**Your objective**
Print the records exactly as written, and let no picture into the answer.

[Stored records]
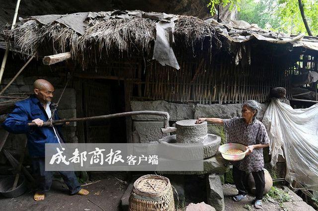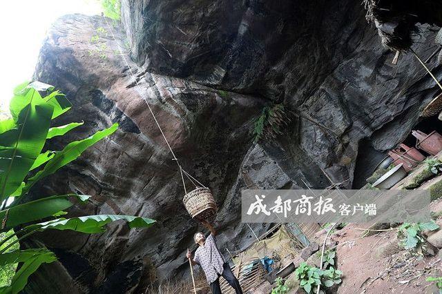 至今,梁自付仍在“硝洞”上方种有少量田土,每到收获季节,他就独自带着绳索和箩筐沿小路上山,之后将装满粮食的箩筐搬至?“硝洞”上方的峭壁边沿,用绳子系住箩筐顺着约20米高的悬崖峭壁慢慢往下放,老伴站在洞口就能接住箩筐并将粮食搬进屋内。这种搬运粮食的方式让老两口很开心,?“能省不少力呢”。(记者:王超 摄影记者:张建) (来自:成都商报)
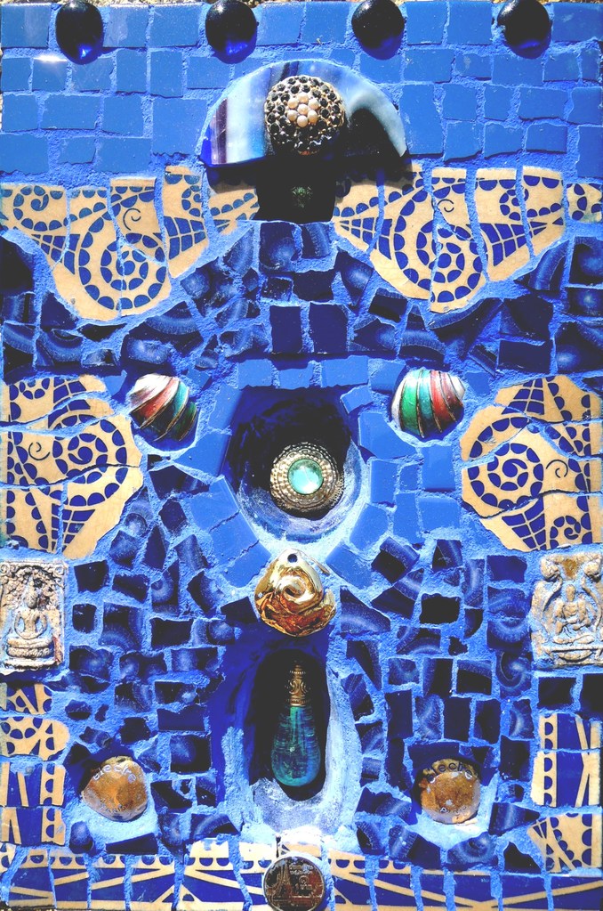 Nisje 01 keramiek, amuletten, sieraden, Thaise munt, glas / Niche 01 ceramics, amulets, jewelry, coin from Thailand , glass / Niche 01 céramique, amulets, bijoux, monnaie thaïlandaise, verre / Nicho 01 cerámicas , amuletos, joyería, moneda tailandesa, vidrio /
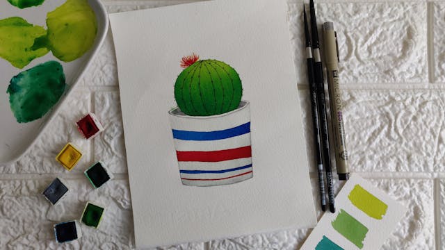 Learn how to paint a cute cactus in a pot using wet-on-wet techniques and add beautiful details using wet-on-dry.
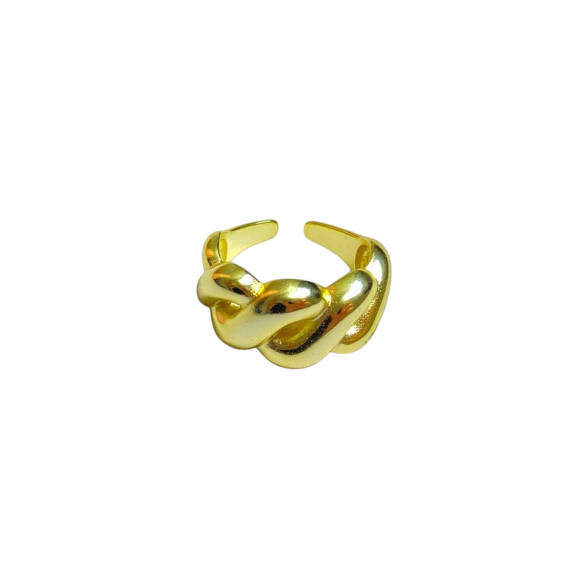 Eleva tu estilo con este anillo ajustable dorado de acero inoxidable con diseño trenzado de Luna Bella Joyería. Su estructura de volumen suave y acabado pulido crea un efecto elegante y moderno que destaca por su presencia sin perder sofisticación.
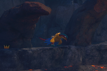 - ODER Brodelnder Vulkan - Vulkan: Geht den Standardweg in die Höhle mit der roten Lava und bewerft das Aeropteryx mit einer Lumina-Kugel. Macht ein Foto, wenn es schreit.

**Result**
 至今,梁自付仍在“硝洞”上方种有少量田土,每到收获季节,他就独自带着绳索和箩筐沿小路上山,之后将装满粮食的箩筐搬至?“硝洞”上方的峭壁边沿,用绳子系住箩筐顺着约20米高的悬崖峭壁慢慢往下放,老伴站在洞口就能接住箩筐并将粮食搬进屋内。这种搬运粮食的方式让老两口很开心,?“能省不少力呢”。(记者:王超 摄影记者:张建) (来自:成都商报)
 Nisje 01 keramiek, amuletten, sieraden, Thaise munt, glas / Niche 01 ceramics, amulets, jewelry, coin from Thailand , glass / Niche 01 céramique, amulets, bijoux, monnaie thaïlandaise, verre / Nicho 01 cerámicas , amuletos, joyería, moneda tailandesa, vidrio /
 Learn how to paint a cute cactus in a pot using wet-on-wet techniques and add beautiful details using wet-on-dry.
 Eleva tu estilo con este anillo ajustable dorado de acero inoxidable con diseño trenzado de Luna Bella Joyería. Su estructura de volumen suave y acabado pulido crea un efecto elegante y moderno que destaca por su presencia sin perder sofisticación.
 - ODER Brodelnder Vulkan - Vulkan: Geht den Standardweg in die Höhle mit der roten Lava und bewerft das Aeropteryx mit einer Lumina-Kugel. Macht ein Foto, wenn es schreit.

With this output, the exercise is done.